- The Guardian
- Issue #2068
One really bad argument against a Yes vote for the Voice to Parliament is that that a small group of Australians – Indigenous people – might have ‘too much’ access to government. Too much of a voice! This is nonsensical for several reasons. Parliament, which will decide the final form of the Voice, isn’t about to make itself powerless. More importantly, having a voice in matters that affect Indigenous people would only be a good thing and make the country more democratic, not less.
If anyone who argues that way really doesn’t want a minority to have ‘too much power,’ we’ve got news for them; it’s happening now. The Australian business community has so much of a voice, it might be more accurate to call it a foghorn. To understand how that works, we have to look at one of the great unmentionables of polite Australian politics, class.
It needs to be said; Australia has classes. You are in one of them. Those classes have interests.
Just as Peter Dutton’s cynical claim that he doesn’t want to divide the country up on racial lines means he’s fine with the racial divisions we have now, Labor’s claims to be class-blind, or to ‘govern for everyone,’ are really a way of saying that they are happy with how the class system is working, and they are going to keep governing for the most powerful part of the capitalist class.
When Labor claims to be governing for everyone, what they mean is that they’re going to keep turning their backs on the class that set them up and which still supports them, the working class. They agree to make a few improvements in the interests of that working class in order to keep the system going to the advantage of the ruling class. If Labor do that, the deal is that the ‘big end of town’ in the form of their big donors and most of the media will let them govern the country.
In 2019 Bill Shorten had the temerity to criticise the Liberal-National Coalition for governing for the ‘big end of town’ and paid a price losing an election he was widely expected to win. Labor hasn’t forgotten that, and has waved through tax cuts that overwhelmingly benefit those with the highest incomes, while abandoning promises for fairness when it comes to rorts that benefit millionaires.
Albanese has told big business that he wants to have a ‘structured dialogue‘ to talk about economic ‘reforms.’ Our ruling class is only interested in one kind of reform – the kind that gives them more power over workers while letting them pay less tax. Hence their calls for lower company tax, widening the regressive GST, and their constant drumbeat of calls for lower wages and ‘flexibility’ for working conditions.
Business also sometimes bemoans the lack of ‘productivity,’ which for them means lower wages and worse conditions for workers. When they get their way on these things, innovation goes down, because why do things more efficiently if you’re already underpaying workers?
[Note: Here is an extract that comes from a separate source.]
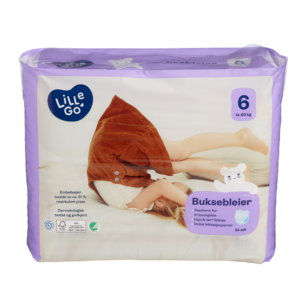 - LilleGo´ Buksebleie str. 6, 34 stk, 14-20 kg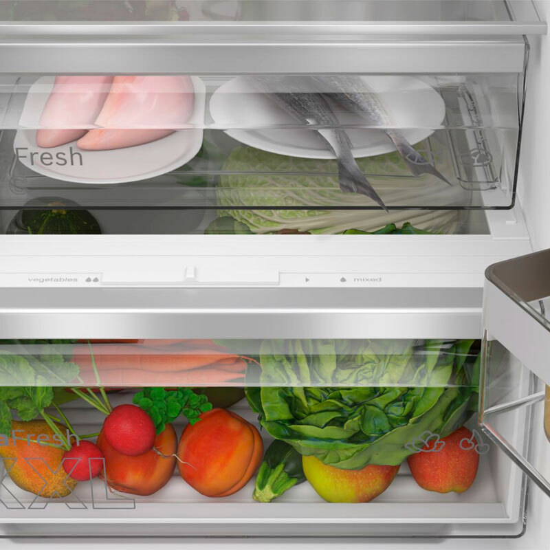 Frigorífico combi integrable Bosch KIN86VSE0 con 260 L de capacidad total (184 L frigorífico y 76 L congelador) diseñado para huecos integrados. Incorpora No Frost, cajones VitaFresh para conservación, iluminación LED y funcionamiento silencioso (35 dB). Clase energética E y consumo anual aproximado de 234 kWh garantizan equilibrio entre rendimiento y eficiencia.

Whatever happens to Albanese’s idea of a ‘structured dialogue,’ the big end of town will continue to have a powerful voice with either of our two major parties. Big donations, and massive advertising spends speak loud and clear in Australia now.
The working class is a majority of the population, and has nowhere near the voice that big business has in the bourgeois democracy we have – for now.
Under socialism, the majority of the population run the country. Join your union. Join the CPA. It’s long past time we spoke up.